African Americans cannot become a powerful ethnic group unless this statistic is reversed. It can happen. Asians have a graduation rate of 80.2 percent, four percentage points higher than whites. Unfortunately, black leaders prefer to chase the ghosts of the civil rights era, rather than focus on the education crisis that threatens to destroy the progress of African Americans today.
“Last Chance”
In his forthcoming book, “Last Chance: The Political Threat to Black America,” Lee Daniels has set forth, with the consummate skill of a seasoned journalist, the epochal journey of African Americans toward political empowerment.
Many black youngsters have little understanding of African American history and the restrictions imposed by the nation’s embrace of racial differences. “Last Chance” will bring them up to speed on the major points.
However, the more interesting analysis occurs when Daniels begins his discourse on how the migration from the South “… bespoke a psychological act, a rebellion and casting off of the limitations on thought and ambition that the stultifying conventions of American racism exposed.”

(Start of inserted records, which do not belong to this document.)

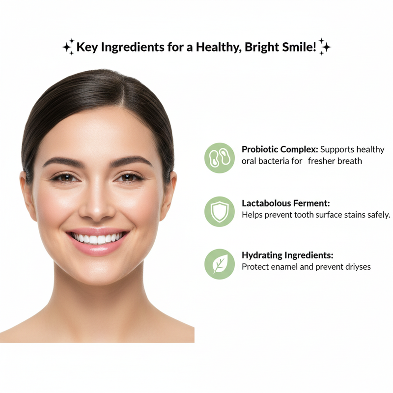 Powered by probiotic technology and natural brightening ingredients, this toothpaste gently removes surface stains, fights plaque, and keeps your mouth fresh all day.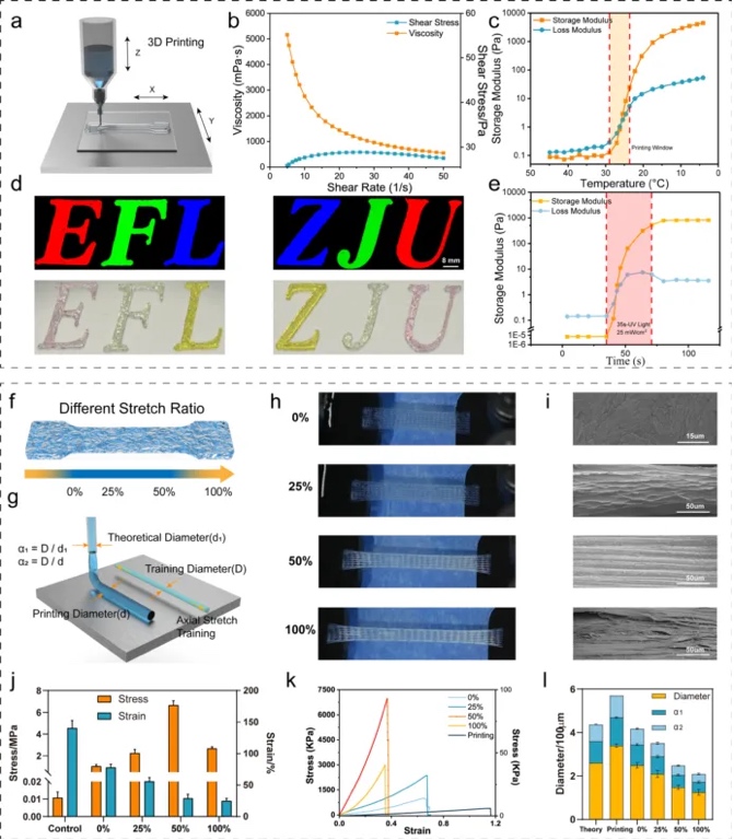 图4 坚韧水凝胶支架的可打印性及拉伸比例的影响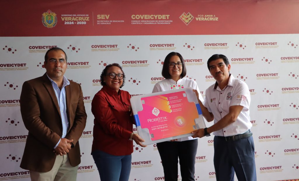 La entrega de estos kits representa la segunda etapa de colaboración entre el Gobierno del Estado de Veracruz —a través del COVEICYDET y la SEMSyS— y RobotiX, como resultado de las gestiones para potenciar el talento tecnológico juvenil.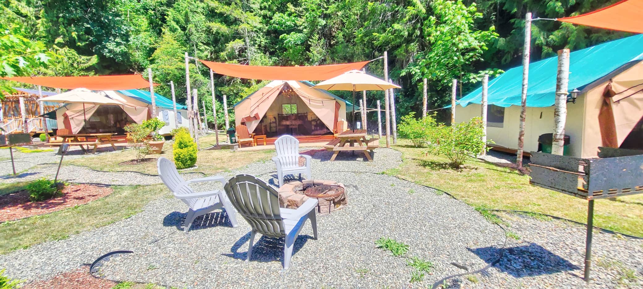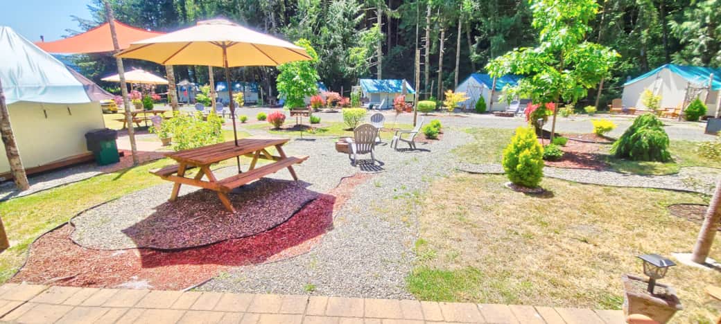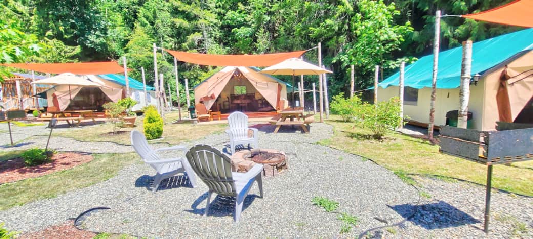 Our sister property "Mikes's Beach Resort" is located across the road. Glamping Village guests have access to Mike's Beach Resort firepits, showers, toilets, dock and beach access.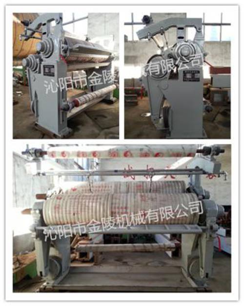 施膠機有鍍鉻輥、橡膠輥、引紙輥、進膠管、刮刀裝置、擋膠裝置和氣動加壓裝置等組成。在施膠輥上方配有進膠管,向兩輥之間供膠,進膠量有進膠管前的閥門控制,在施膠輥的兩端面設有可調整壓力的擋膠板,以防止膠液向輥面兩側流走,保持多余膠液流淌在施膠輥下面的接膠盤中。刮刀裝置作引紙剝紙用,一般正常生產(chǎn)時應抬起刮刀,以延長施膠輥的使用壽命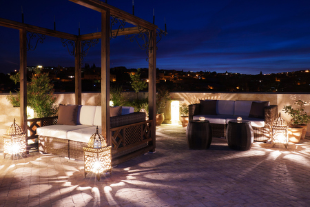 Demani: Set on the roof terrace with its own private patio and a small writing room; sunken bath with 3 foot depth; low ceilings.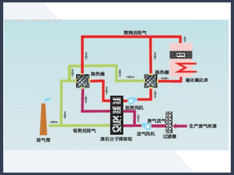 说明:此工艺适合中、小风量、低浓度、低温度、低湿度、低粘度挥发性有机废气,对于高温、高湿度、高粘性的挥发性有机废气,需要进行预处理后再进入吸附浓缩装置。

The well-researched account of the role of blacks in modern presidential politics shows how the Republicans lost black support. This saga presents a dismal vision of the longed-for “promised land.” The essentially powerless emerging black middle class must struggle to secure its economic gains with every economic downturn. And those whose incomes fall below the poverty line are unable to acquire the educational skills necessary for a better life.
Daniels cites as the fault for these circumstances the failure of the leadership to adjust to the new demands of the times: “The black American narrative lies, not in tatters but in pieces, like a shelved, unfinished manuscript because its primary guardians let go of their stewardship and their responsibility as leaders.” According to Daniels, the major error is the failure to develop an effective communications voice in this the age of communication.
Such salient arguments make “Last Chance” an important book for all blacks concerned with public affairs.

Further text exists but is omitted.